▶ **What is being asked**
With pictures omitted, transcribe exactly the lines from the one containing "Počet objevených depotů" to the end of the records below.

Data records
# # # # # # #
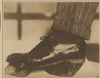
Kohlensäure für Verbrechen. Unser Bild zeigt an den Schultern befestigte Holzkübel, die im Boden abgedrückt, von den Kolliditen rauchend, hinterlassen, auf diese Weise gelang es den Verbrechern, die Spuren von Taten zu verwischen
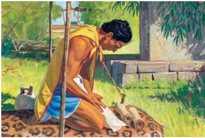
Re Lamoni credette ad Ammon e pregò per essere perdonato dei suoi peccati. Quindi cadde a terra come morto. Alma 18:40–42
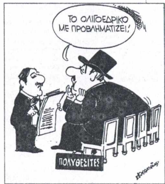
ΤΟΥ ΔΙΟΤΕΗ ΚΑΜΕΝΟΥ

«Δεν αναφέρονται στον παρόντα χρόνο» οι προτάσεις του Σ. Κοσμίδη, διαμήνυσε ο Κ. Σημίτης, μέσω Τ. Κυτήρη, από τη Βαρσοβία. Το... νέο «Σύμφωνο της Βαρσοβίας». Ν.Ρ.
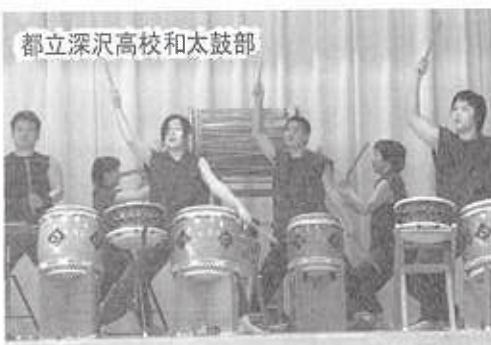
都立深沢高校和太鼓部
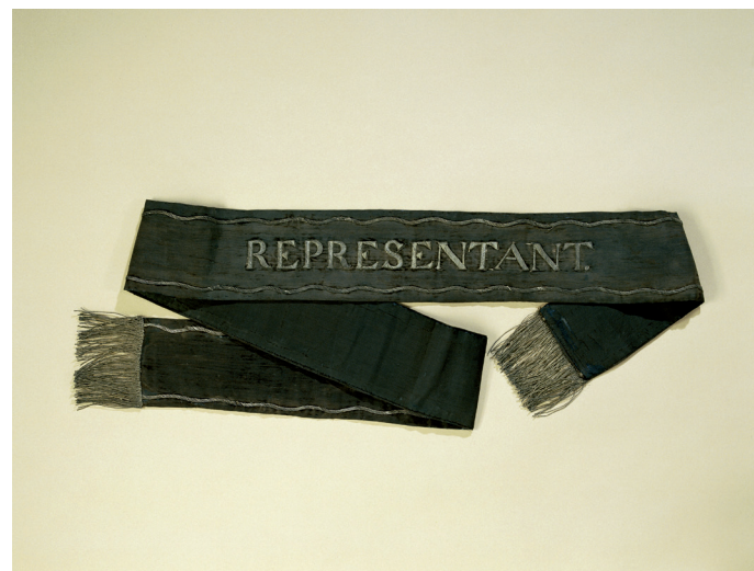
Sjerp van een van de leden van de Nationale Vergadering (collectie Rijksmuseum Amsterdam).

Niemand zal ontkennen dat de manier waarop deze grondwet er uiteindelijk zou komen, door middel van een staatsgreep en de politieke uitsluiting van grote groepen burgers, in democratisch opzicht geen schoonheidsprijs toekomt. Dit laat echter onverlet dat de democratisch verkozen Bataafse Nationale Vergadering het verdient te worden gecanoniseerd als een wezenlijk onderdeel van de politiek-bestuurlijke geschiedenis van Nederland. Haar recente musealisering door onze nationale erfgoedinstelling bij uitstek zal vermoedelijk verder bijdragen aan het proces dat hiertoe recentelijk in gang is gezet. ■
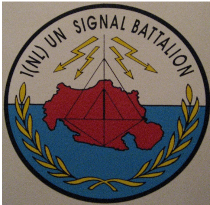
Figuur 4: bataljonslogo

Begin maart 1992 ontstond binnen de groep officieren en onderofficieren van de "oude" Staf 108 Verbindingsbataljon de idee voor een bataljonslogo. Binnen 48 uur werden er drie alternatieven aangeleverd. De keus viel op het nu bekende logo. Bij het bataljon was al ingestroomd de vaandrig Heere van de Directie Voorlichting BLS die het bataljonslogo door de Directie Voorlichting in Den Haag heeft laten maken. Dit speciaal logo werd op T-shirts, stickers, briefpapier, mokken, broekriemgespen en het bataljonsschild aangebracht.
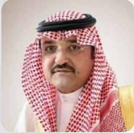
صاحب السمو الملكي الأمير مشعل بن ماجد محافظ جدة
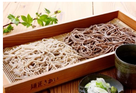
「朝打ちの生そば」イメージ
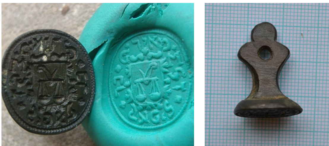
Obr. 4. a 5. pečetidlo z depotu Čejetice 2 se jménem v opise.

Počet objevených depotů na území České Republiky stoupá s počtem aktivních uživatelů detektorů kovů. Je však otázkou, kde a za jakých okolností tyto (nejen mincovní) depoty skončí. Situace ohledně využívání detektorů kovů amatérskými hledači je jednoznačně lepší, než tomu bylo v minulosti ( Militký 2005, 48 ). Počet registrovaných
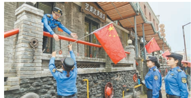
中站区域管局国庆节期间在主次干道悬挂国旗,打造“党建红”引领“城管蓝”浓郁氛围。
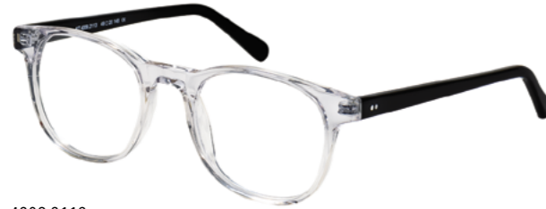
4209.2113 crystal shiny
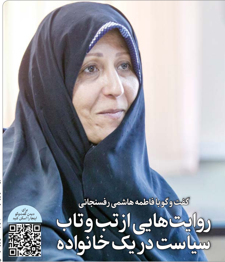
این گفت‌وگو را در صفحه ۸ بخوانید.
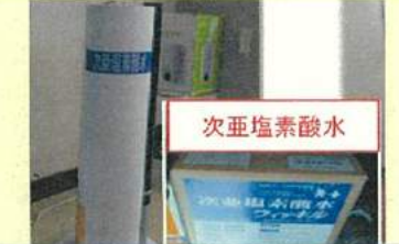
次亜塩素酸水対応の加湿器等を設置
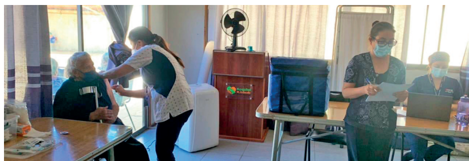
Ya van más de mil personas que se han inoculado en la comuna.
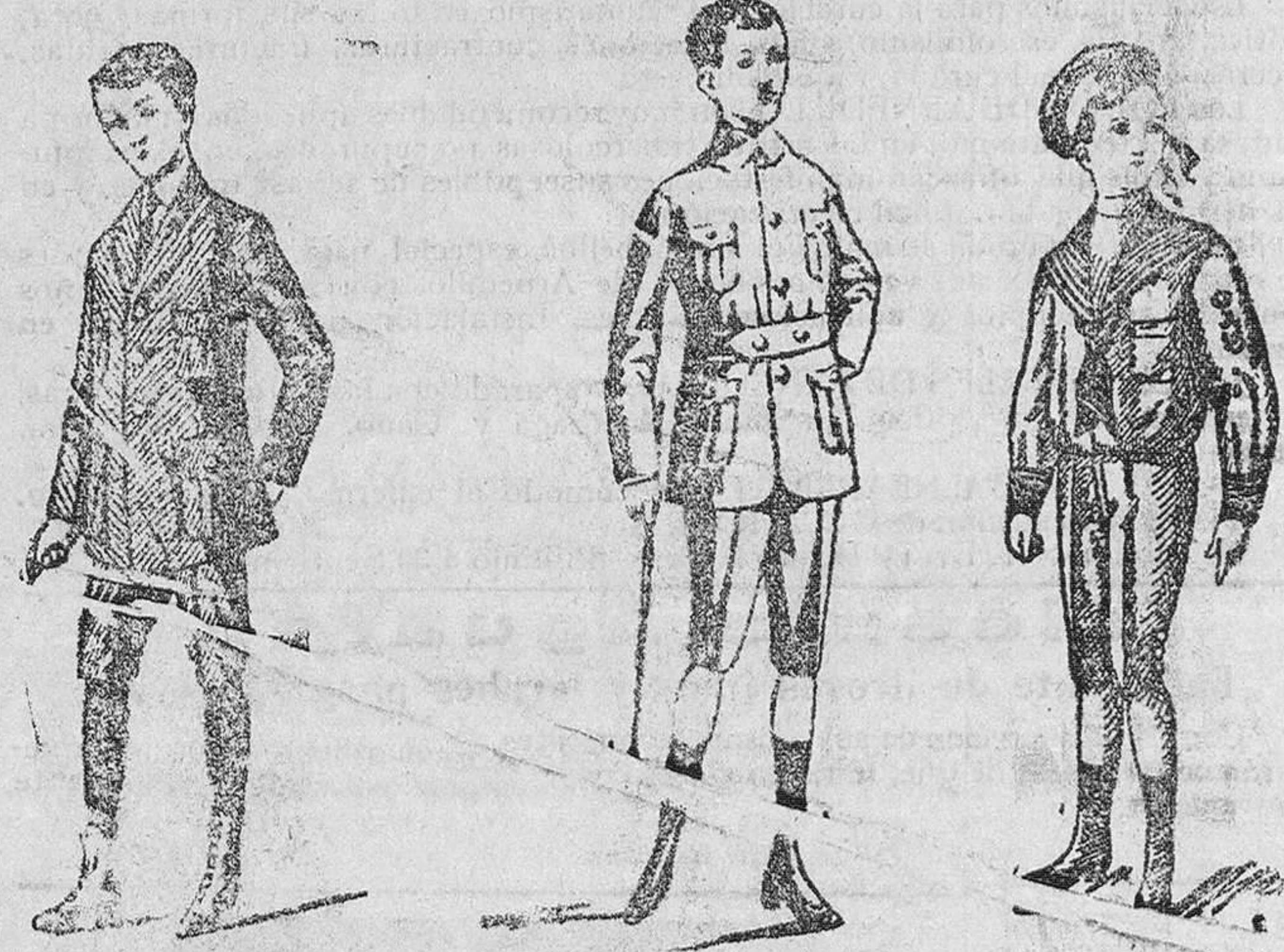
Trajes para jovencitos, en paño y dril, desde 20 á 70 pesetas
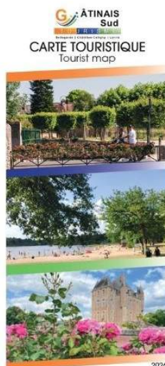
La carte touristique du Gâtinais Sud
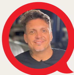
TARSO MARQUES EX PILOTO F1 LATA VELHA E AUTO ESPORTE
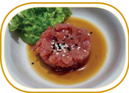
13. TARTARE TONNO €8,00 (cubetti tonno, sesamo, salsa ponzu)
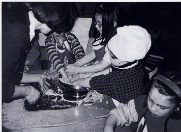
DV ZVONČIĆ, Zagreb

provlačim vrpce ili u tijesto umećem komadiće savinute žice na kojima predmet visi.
# # # # # # #
▶ **Result**
Počet objevených depotů na území České Republiky stoupá s počtem aktivních uživatelů detektorů kovů. Je však otázkou, kde a za jakých okolností tyto (nejen mincovní) depoty skončí. Situace ohledně využívání detektorů kovů amatérskými hledači je jednoznačně lepší, než tomu bylo v minulosti ( Militký 2005, 48 ). Počet registrovaných
中站区域管局国庆节期间在主次干道悬挂国旗,打造“党建红”引领“城管蓝”浓郁氛围。
4209.2113 crystal shiny
این گفت‌وگو را در صفحه ۸ بخوانید.
次亜塩素酸水対応の加湿器等を設置
Ya van más de mil personas que se han inoculado en la comuna.
Trajes para jovencitos, en paño y dril, desde 20 á 70 pesetas
La carte touristique du Gâtinais Sud
TARSO MARQUES EX PILOTO F1 LATA VELHA E AUTO ESPORTE
13. TARTARE TONNO €8,00 (cubetti tonno, sesamo, salsa ponzu)
DV ZVONČIĆ, Zagreb

provlačim vrpce ili u tijesto umećem komadiće savinute žice na kojima predmet visi.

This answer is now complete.